'''

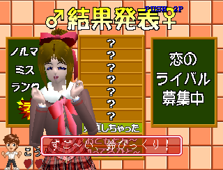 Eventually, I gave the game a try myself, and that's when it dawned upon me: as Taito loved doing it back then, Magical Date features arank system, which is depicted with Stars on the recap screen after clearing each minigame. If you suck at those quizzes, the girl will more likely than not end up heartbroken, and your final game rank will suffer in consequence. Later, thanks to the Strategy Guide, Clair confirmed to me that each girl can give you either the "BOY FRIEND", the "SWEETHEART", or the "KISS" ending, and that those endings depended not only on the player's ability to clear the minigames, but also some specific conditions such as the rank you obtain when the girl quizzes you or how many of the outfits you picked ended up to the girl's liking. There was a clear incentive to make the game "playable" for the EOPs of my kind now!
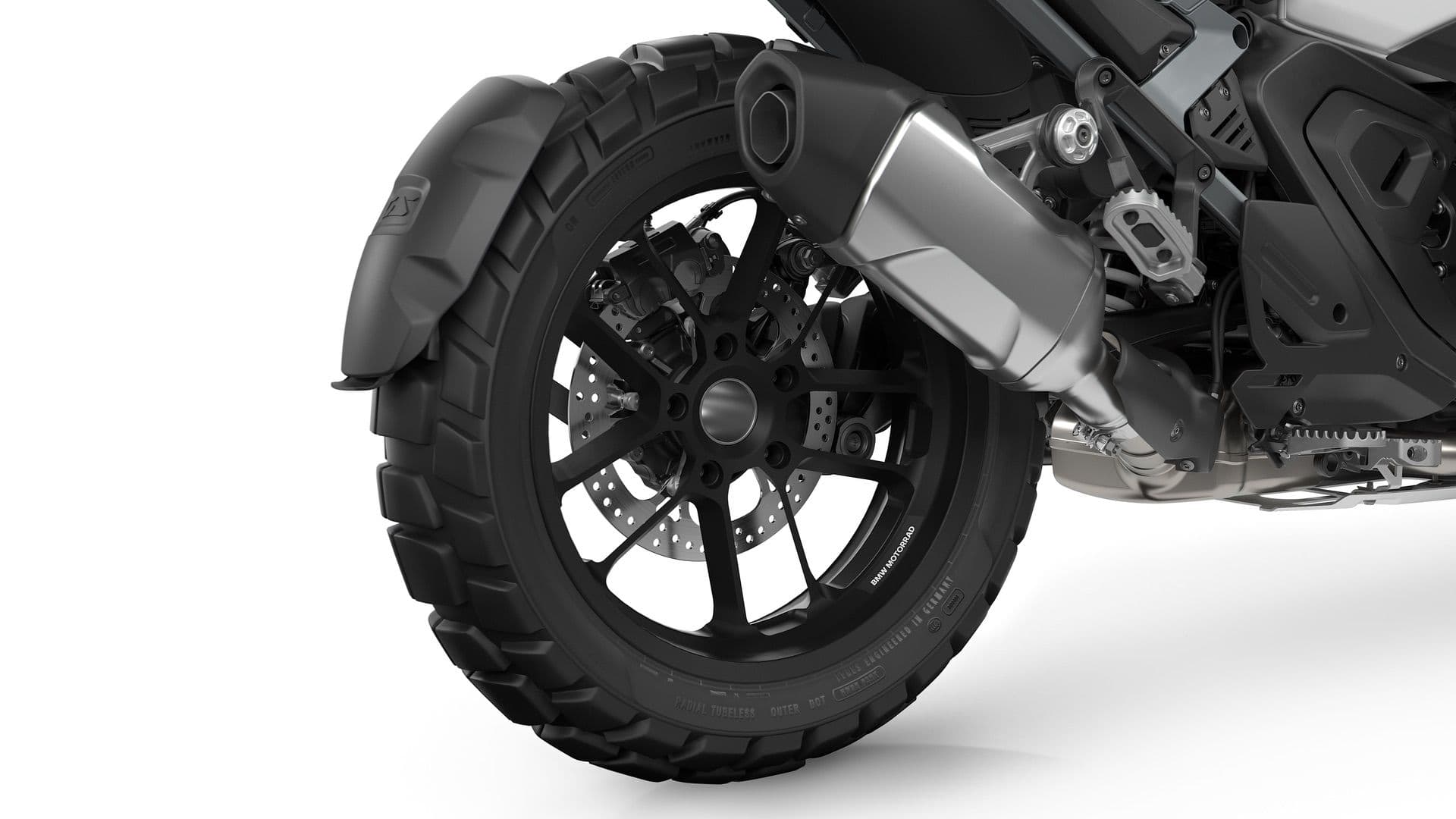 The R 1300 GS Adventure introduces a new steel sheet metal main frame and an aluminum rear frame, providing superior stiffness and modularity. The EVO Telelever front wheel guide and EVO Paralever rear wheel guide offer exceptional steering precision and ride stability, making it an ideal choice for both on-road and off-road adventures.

'''
'''

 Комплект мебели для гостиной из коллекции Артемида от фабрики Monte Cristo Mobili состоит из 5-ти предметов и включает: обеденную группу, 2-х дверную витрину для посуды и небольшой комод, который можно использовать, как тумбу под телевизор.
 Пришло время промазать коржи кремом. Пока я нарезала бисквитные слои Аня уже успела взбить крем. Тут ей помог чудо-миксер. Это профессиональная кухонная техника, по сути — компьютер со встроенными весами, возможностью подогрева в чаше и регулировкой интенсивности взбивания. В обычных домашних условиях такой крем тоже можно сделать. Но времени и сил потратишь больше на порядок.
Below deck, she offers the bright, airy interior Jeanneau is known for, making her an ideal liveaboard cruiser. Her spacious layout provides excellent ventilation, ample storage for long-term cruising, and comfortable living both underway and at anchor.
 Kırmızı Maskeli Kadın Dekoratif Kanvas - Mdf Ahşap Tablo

'''

Respond with the exact lines above running from the one containing "Eventually, I gave" to the one containing "The R 1300 GS", both ends kept and no pictures included.

**ANSWER TO THIS EXERCISE:**
 Eventually, I gave the game a try myself, and that's when it dawned upon me: as Taito loved doing it back then, Magical Date features arank system, which is depicted with Stars on the recap screen after clearing each minigame. If you suck at those quizzes, the girl will more likely than not end up heartbroken, and your final game rank will suffer in consequence. Later, thanks to the Strategy Guide, Clair confirmed to me that each girl can give you either the "BOY FRIEND", the "SWEETHEART", or the "KISS" ending, and that those endings depended not only on the player's ability to clear the minigames, but also some specific conditions such as the rank you obtain when the girl quizzes you or how many of the outfits you picked ended up to the girl's liking. There was a clear incentive to make the game "playable" for the EOPs of my kind now!
 The R 1300 GS Adventure introduces a new steel sheet metal main frame and an aluminum rear frame, providing superior stiffness and modularity. The EVO Telelever front wheel guide and EVO Paralever rear wheel guide offer exceptional steering precision and ride stability, making it an ideal choice for both on-road and off-road adventures.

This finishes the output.